Engineering Contradictions & Design Principles
Engineering Contradiction Analysis
1Measurement precision
If traditional deep learning methods are used for map feature classification, then model accuracy can be improved, but computational resources and training data requirements increase significantly
Solution Approach 1:
The patent pre-trains a separate embedding network on large-scale map data to generate embedding layers that capture semantic relationships among map features. This preliminary action allows the main classification network to start with pre-processed, semantically-enriched features, reducing the computational burden during actual classification tasks while maintaining or improving accuracy
Solution Approach 2:
The patent introduces an embedding layer as an intermediary component between the input map data and the classification network. This embedding layer acts as a mediator that transforms raw map features into semantically-meaningful representations, enabling the classification network to work with more informative features and thereby improve accuracy while potentially reducing the need for extensive training data
2Measurement precision
If more training data is used to improve neural network performance, then classification accuracy improves, but the time and resources required for training increase
Solution Approach 1:
The embedding network is pre-trained separately on large-scale map data in advance, extracting and storing semantic relationships in embedding layers. This preliminary action allows the main classification task to benefit from pre-processed semantic knowledge without requiring the same extensive training time, thus reducing training time while maintaining prediction accuracy
Solution Approach 2:
The patent extracts semantic relationships from large-scale map data into separate embedding layers that can be reused across different classification tasks.
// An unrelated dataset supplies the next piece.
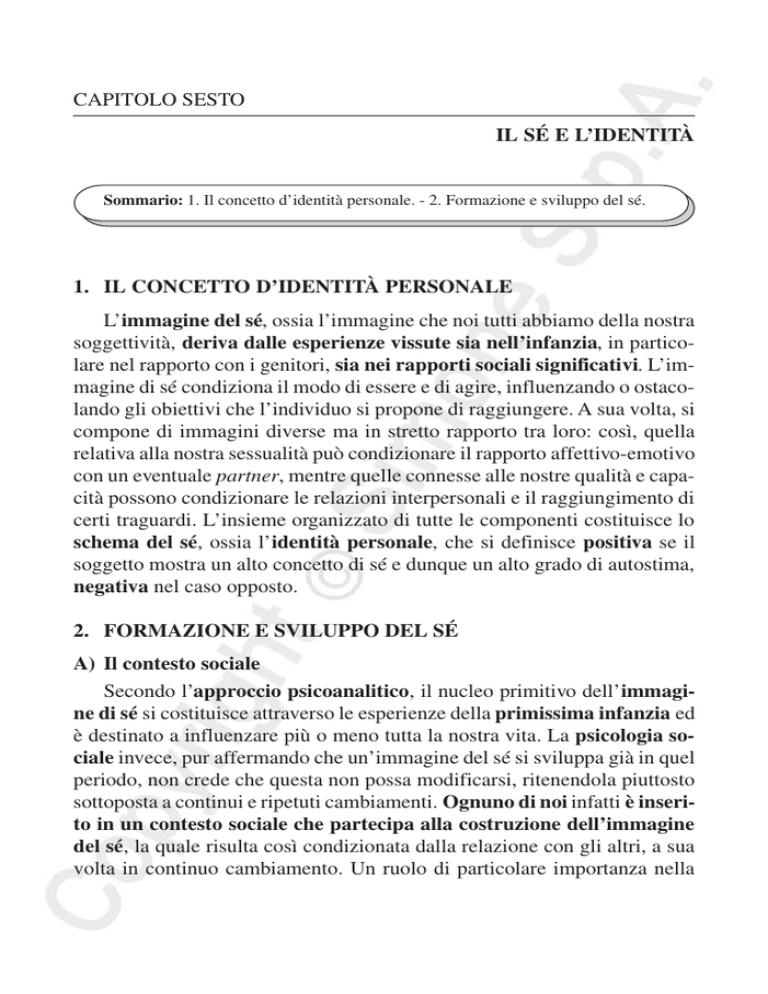 CAPITOLO SESTO IL SÉ E L’IDENTITÀ Sommario: 1. Il concetto d’identità personale. - 2. Formazione e sviluppo del sé. 1. IL CONCETTO D’IDENTITÀ PERSONALE L’immagine del sé, ossia l’immagine che noi tutti abbiamo della nostra soggettività, deriva dalle esperienze vissute sia nell’infanzia, in particolare nel rapporto con i genitori, sia nei rapporti sociali significativi. L’immagine di sé condiziona il modo di essere e di agire, influenzando o ostacolando gli obiettivi che l’individuo si propone di raggiungere. A sua volta, si compone di immagini diverse ma in stretto rapporto tra loro: così, quella relativa alla nostra sessualità può condizionare il rapporto affettivo-emotivo con un eventuale partner, mentre quelle connesse alle nostre qualità e capacità possono condizionare le relazioni interpersonali e il raggiungimento di certi traguardi. L’insieme organizzato di tutte le componenti costituisce lo schema del sé, ossia l’identità personale, che si definisce positiva se il soggetto mostra un alto concetto di sé e dunque un alto grado di autostima, negativa nel caso opposto. 2. FORMAZIONE E SVILUPPO DEL SÉ A) Il contesto sociale Secondo l’approccio psicoanalitico, il nucleo primitivo dell’immagine di sé si costituisce attraverso le esperienze della primissima infanzia ed è destinato a influenzare più o meno tutta la nostra vita. La psicologia sociale invece, pur affermando che un’immagine del sé si sviluppa già in quel periodo, non crede che questa non possa modificarsi, ritenendola piuttosto sottoposta a continui e ripetuti cambiamenti. Ognuno di noi infatti è inserito in un contesto sociale che partecipa alla costruzione dell’immagine del sé, la quale risulta così condizionata dalla relazione con gli altri, a sua volta in continuo cambiamento. Un ruolo di particolare importanza nella 60 Capitolo Sesto costruzione del concetto di sé è assunto dunque dal contesto sociale, il quale ci fornisce continui feedback su ciò che noi siamo, attraverso le opinioni degli altri. Uno dei primi teorici della psicologia sociale che si soffermò ad analizzare come le opinioni degli «altri significativi» (amici, genitori, fratelli ecc.) assumano un ruolo di primo piano nella formazione del concetto di sé, fu George H. Mead. Egli considerò l’ambiente sociale come una sorta di specchio, che svolge una funzione riflettente, in cui si modellano parti della propria identità. Il rinforzo positivo, inteso nel senso di approvazione che l’ambiente sociale fornisce all’individuo, influenza decisamente la propria autostima e più partirà da persone significative, più contribuirà ad aumentarla. Così impariamo a considerarci e a modellare il nostro comportamento, anche in funzione del rinforzo positivo (approvazione) o negativo (disapprovazione) fornitoci dalle opinioni altrui. L’importanza giocata dall’approvazione degli altri viene confermata anche dal fatto che, persino quando sono le persone per noi significative a ricevere dagli altri approvazione o lode, indirettamente noi stessi ci sentiamo gratificati. Questo meccanismo che conduce in pratica a «bearsi per gloria riflessa» appare evidente nello sport ove, ad esempio, la vittoria della squadra del cuore riesce ad alzare il morale anche del tifoso e la sconfitta, a sua volta, ad abbassarlo. In altre parole, se ci rapportiamo con persone che consideriamo socialmente degne di rispetto, la nostra autostima ne risulterà accresciuta. Allo stesso modo, qualsiasi nostra scelta, dagli amici, al lavoro o alla scuola, sarà sempre basata sulla conferma dell’immagine del proprio sé. Questa, a sua volta, è condizionata anche dal modo in cui le persone si percepiscono distinte o distinguibili dagli altri. Lo stesso ambiente sociale infatti, se da una parte spinge al conformismo, dall’altra può costituire un fattore di affermazione delle differenze dei singoli. Ad esempio, i gruppi etnici minoritari che si trovano in paesi diversi da quelli in cui sono nati, sentiranno il bisogno di affermare il proprio sé in opposizione al nuovo contesto sociale. In una ricerca, Mindy Csikszentmihalyi e Eugene Rochberg-Halton hanno analizzato come la gente, pur avendo in comune gli stessi oggetti offerti dal mercato, attribuisse loro valori diversi. È emerso che nonostante l’uguaglianza degli oggetti, le persone li sceglievano in base a motivazioni profondamente personali e diverse tra loro. Insomma, questi rappresentavano i simboli della loro unicità. Il sé e l’identità 61 Oltre ai fattori sociali infine, anche i propri ricordi personali, in particolare quelli positivi, sembrano contribuire al miglioramento dell’immagine di sé. B) Il ruolo All’interno della società ognuno di noi riveste diversi ruoli, alcuni dei quali ascritti (essere maschio o femmina, appartenere ad un certo gruppo etnico), altri invece acquisiti (la professione, essere padre, madre, casalinga ecc.). Il problema sorge nel momento in cui si giunge ad identificarsi totalmente con essi, dimenticando che il proprio sé non è riducibile al ruolo sociale. Può anche accadere, al contrario, che pur rivestendo un certo ruolo non si riesce ad identificarvisi: come nel caso di chi è padre, ma non ne svolge i doveri. O ancora, che vi sia una distorsione dell’immagine di sé e ci si percepisca per ciò che si crede di essere e non per ciò che realmente si è: ad esempio, sentirsi capoufficio ma non esserlo. Ogni giorno, ci troviamo a recitare inconsapevolmente dei copioni di vita, adattandoci di volta in volta ai diversi contesti; in altre parole, ci mettiamo una maschera che alla lunga diventa la nostra realtà, condizionando l’immagine di noi stessi e ostacolando il divenire della nostra identità. C) L’identità stabile Il continuo mutamento dell’immagine del sé, determinato dall’ambiente sociale, non esclude comunque l’esistenza di un nucleo stabile dell’identità che ci consente il mantenimento di una determinata

By taking out and reusing these pre-extracted semantic representations, the system avoids re-processing the same large datasets for each classification task, significantly reducing training time while preserving accuracy
3Adaptability or versatility
If a single neural network is trained to perform multiple map-related tasks, then versatility is improved, but model complexity and training difficulty increase
Solution Approach 1:
The patent creates a universal embedding layer that can be applied across multiple different classification tasks and neural network architectures. This embedding layer serves multiple functions by providing semantically-enriched features for various map-related classification problems, enabling versatility without requiring each task-specific model to be independently complex
Solution Approach 2:
The patent segments the machine learning system into two independent components: an embedding network that generates semantic representations and separate classification networks that perform specific tasks. This segmentation allows each component to be optimized independently, reducing overall model complexity while maintaining multi-task versatility through the shared embedding layer
Data Source
AI summary
An approach is provided for map embedded analytics. The approach, for instance, involves processing map data to extract one or more map features. The approach also involves training a first neural network to predict an embedding layer. The neural network is trained using the one or more extracted map features. The approach further involves generating the embedding layer using the first neural network. The embedding layer represents a semantic relationship among the one or more map features. The approach further involves providing the embedding layer as an output for embedding into a second neural network.